Любому упорству есть предел. Особенно когда давит сила неимоверная. Доктор окончательно сдался, чтобы поскорей прекратить эти мучения.

— Горжевский делал укол особым составом, — сказал он тихо. — Моя роль заключалась в том, чтобы фиксировать то, что происходило с больными. Он всех ординаторов заставлял, не подумайте, что только мне это выпало. Всех… А козлом отпущения сделали меня.

— Что было в составе?

— Я не знаю… Честное слово, господин Ванзаров, не знаю! — Затонский даже руку к сердцу прижал, так хотел, чтобы ему поверили. — Он никогда не говорил, все держал в секрете, записывал в свои блокноты, хранил их при себе, никогда не показывал. Я спросил однажды, он зло меня высмеял…

— Какой был эффект?

— Да никакого. Больным становилось лучше на несколько часов, у них поднималось настроение, а потом наступал неизбежный конец. Скорее всего, эти составы только его ускоряли.

— Чего он хотел добиться?

— У него была теория, красивая, но ошибочная: если организму дать сильный толчок, как в паровозную топку забросить слишком много угля, этот толчок позволит мобилизовать скрытые ресурсы, которые одолеют болезнь.

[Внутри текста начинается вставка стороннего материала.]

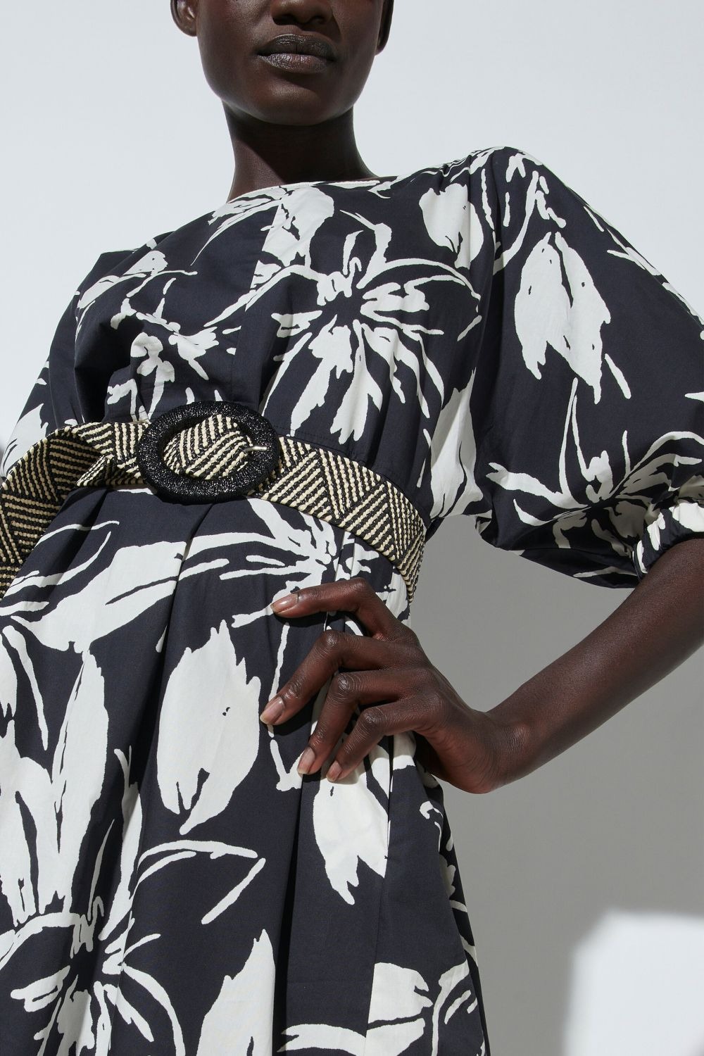Платье средней длины из хлопкового поплина с эксклюзивным рисунком в виде цветов гибискуса и двумя карманами. Слегка расклешенный фасон юбки подчеркивается завязывающимся на талии поясом. Рукава-крылышки имеют более широкий дизайн и отделаны эластичной окантовкой.

Выходило наоборот.

— Как в случае с девушкой? — Ванзаров кивнул на мертвецкую.

— Я не знаю, чем ее накачали! — чуть не крикнул Затонский.

— Ее состояние было похоже на то, что вы видели у своих пациентов?

— Конечно, нет!

— Горжевский использовал какие-то наркотические средства?

— Не знаю и знать не хочу… Если позволите, у меня больные…

Ванзаров, как видно, не знал жалости к пациентам.

— Как вы с ним уживались в таком маленьком городе? — спросил он.

— Ужасно, — вырвалось из души доктора. — Он нарочно мучил меня. Каждый день приходил к больнице и просто смотрел. Как немой укор. Как будто я виноват…

— Ваши муки кончились с его смертью.

— Считайте, как вам будет угодно.

— У него было больное сердце?

Стало заметно, как Затонский что-то хочет сказать. И он решился.

— Знаете, раз такое дело… — начал он. — Во всем виновата его жена, страшная ведьма. Наверняка нашептывала, что он гений, которому все позволено. А когда гений пал с высот, взяла и убила.

— Полагаете, Горжевского убили?

— Что же еще!

— Но ведь заключение подписал Дубягский?

Впервые на лице Затонского показалась улыбка.

— Это же просто смешно… Вы его видели?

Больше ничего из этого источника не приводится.